Exercise description: When the line containing "Hier finden Sie" appears in the entries below, begin printing there and stop after the line containing "La hermosa morena"; print each of those lines exactly and no other line.

Extracted entries section start

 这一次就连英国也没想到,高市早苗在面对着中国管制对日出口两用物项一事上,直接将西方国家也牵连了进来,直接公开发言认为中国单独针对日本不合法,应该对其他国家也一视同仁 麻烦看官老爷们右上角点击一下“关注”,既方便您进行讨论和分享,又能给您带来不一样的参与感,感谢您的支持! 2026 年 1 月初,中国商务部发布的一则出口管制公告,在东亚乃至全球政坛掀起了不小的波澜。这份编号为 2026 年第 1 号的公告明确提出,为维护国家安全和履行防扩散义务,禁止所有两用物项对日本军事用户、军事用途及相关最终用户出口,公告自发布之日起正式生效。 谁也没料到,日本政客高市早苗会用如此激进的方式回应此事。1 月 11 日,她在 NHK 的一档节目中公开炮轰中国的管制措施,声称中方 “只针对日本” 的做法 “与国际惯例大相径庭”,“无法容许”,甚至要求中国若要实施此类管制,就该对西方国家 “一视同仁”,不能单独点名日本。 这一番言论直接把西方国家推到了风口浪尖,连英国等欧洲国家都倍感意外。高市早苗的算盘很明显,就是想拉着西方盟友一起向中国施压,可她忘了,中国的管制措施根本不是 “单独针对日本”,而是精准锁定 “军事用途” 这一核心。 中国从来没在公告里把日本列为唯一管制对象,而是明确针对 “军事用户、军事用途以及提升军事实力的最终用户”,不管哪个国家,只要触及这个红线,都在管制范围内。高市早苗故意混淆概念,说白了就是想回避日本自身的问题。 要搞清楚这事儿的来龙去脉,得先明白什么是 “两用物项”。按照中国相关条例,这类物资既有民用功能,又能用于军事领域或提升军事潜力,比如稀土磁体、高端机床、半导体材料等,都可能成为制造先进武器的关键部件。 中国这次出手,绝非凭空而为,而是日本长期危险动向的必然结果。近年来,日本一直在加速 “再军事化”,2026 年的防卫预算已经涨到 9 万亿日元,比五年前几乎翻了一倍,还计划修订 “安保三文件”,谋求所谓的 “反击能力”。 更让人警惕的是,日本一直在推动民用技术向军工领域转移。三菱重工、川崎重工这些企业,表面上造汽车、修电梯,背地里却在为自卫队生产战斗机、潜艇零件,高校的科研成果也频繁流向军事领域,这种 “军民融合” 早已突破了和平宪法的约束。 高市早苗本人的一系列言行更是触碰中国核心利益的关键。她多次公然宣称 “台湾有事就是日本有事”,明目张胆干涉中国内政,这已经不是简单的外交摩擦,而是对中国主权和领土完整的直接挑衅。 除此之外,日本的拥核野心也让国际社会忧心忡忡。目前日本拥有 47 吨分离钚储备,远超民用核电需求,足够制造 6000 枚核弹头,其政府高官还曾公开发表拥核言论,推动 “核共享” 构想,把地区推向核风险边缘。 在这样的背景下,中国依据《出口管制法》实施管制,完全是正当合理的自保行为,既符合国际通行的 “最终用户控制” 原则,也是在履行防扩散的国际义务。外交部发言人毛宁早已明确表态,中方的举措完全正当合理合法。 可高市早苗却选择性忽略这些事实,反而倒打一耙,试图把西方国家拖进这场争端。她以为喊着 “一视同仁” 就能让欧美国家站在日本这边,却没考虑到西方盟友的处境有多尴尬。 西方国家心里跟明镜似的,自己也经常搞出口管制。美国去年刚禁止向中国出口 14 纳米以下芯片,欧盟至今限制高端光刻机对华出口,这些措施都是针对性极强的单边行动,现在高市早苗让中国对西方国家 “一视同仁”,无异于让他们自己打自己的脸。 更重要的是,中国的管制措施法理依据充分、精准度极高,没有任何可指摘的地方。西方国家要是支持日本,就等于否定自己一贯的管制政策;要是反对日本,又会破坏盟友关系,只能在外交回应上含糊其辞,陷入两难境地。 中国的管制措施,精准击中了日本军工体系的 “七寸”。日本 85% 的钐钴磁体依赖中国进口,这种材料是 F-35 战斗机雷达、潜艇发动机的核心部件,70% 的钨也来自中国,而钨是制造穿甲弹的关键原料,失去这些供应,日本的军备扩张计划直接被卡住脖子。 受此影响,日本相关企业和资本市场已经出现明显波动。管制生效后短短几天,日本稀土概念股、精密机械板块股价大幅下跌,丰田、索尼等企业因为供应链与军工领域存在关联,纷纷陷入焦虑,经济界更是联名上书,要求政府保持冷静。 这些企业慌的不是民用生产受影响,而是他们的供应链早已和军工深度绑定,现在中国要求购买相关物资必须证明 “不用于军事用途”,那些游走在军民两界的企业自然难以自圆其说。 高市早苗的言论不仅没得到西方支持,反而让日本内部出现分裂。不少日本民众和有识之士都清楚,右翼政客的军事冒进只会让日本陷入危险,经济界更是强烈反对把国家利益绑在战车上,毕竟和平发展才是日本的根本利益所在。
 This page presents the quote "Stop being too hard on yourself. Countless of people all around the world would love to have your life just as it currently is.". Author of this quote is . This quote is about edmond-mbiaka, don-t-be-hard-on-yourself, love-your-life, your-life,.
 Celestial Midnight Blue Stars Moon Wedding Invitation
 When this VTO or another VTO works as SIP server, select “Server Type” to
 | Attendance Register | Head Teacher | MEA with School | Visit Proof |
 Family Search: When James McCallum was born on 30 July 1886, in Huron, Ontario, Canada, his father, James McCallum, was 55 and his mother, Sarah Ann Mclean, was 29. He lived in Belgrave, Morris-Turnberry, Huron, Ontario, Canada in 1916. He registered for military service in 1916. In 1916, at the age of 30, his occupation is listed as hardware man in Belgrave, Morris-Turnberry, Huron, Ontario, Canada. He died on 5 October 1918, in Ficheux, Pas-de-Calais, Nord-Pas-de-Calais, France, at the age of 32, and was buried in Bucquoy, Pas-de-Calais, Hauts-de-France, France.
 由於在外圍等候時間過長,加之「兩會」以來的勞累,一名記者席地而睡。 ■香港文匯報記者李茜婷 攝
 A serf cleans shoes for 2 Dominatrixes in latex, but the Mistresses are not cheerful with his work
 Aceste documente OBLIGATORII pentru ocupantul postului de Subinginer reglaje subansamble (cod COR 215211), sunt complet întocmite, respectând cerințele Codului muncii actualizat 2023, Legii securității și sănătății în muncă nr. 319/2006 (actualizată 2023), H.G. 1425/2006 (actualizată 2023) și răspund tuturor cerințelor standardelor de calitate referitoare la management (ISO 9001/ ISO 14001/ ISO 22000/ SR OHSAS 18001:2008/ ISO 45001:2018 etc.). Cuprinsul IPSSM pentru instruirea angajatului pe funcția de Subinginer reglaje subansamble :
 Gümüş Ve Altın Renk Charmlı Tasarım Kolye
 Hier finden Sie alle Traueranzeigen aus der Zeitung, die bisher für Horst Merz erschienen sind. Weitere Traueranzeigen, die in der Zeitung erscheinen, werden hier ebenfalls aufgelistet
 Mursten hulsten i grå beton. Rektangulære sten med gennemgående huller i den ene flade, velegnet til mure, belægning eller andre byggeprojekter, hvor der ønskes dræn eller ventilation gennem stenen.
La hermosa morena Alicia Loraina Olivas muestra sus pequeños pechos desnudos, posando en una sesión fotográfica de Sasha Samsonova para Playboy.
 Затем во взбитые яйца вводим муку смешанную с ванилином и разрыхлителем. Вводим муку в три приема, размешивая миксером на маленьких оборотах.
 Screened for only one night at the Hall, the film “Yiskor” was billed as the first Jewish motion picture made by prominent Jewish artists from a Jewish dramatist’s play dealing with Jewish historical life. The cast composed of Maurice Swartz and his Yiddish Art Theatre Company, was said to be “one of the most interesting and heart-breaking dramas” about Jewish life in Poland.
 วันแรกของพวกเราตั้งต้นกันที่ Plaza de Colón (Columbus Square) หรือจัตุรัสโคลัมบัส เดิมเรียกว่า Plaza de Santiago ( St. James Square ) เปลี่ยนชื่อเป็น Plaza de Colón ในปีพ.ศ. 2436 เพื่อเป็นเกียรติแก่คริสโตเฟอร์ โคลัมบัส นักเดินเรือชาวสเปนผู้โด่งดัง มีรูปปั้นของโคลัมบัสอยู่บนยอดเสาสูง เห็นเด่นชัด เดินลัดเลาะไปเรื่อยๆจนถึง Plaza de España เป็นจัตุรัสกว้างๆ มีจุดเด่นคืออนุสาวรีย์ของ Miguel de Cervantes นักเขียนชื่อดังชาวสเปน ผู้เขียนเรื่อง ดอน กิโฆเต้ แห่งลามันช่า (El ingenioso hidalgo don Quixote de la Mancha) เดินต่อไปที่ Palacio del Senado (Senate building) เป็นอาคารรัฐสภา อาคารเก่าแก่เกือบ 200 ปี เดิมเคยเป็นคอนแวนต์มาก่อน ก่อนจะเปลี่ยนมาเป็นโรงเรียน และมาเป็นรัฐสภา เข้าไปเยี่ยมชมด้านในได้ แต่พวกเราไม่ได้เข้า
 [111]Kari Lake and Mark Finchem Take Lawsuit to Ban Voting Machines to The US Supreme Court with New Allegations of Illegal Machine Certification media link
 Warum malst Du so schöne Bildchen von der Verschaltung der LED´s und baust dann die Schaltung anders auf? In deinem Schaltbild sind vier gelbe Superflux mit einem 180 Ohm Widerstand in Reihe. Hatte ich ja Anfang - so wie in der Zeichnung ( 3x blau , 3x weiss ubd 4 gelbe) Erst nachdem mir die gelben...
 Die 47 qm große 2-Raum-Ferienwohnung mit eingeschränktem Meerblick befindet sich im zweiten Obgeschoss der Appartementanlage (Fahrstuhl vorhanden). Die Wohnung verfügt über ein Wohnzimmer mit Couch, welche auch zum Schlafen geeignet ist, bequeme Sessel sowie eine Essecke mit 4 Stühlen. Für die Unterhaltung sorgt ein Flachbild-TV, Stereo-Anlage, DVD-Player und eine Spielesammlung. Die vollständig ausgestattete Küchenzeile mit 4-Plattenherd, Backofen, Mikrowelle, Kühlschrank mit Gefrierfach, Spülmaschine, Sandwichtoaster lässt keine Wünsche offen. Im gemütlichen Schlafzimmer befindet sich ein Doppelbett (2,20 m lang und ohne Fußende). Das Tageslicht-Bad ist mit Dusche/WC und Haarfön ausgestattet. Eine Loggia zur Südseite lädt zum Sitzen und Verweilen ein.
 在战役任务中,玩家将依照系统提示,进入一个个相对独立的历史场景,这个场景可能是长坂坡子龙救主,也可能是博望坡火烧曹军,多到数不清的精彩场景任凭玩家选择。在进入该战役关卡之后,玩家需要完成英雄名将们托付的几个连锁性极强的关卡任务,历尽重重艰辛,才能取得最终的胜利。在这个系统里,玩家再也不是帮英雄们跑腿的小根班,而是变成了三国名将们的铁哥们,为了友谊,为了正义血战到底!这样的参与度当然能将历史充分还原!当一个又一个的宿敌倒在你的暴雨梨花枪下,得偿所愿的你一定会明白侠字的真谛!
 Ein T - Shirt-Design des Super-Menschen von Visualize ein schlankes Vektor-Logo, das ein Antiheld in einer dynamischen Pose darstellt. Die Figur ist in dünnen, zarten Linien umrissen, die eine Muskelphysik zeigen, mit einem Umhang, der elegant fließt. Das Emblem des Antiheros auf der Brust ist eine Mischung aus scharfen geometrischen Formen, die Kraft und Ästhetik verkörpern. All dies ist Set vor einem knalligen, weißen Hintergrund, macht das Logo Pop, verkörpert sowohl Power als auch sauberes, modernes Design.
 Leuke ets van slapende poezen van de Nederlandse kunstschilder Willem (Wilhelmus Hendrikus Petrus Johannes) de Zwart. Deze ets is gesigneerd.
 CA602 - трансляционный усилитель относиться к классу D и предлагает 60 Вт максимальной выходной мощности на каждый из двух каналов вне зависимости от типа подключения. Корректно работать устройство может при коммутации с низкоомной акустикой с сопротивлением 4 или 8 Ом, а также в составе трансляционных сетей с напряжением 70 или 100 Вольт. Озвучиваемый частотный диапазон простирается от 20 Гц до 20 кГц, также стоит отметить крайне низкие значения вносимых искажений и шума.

Extracted entries section end

Exercise output:
 Hier finden Sie alle Traueranzeigen aus der Zeitung, die bisher für Horst Merz erschienen sind. Weitere Traueranzeigen, die in der Zeitung erscheinen, werden hier ebenfalls aufgelistet
 Mursten hulsten i grå beton. Rektangulære sten med gennemgående huller i den ene flade, velegnet til mure, belægning eller andre byggeprojekter, hvor der ønskes dræn eller ventilation gennem stenen.
La hermosa morena Alicia Loraina Olivas muestra sus pequeños pechos desnudos, posando en una sesión fotográfica de Sasha Samsonova para Playboy.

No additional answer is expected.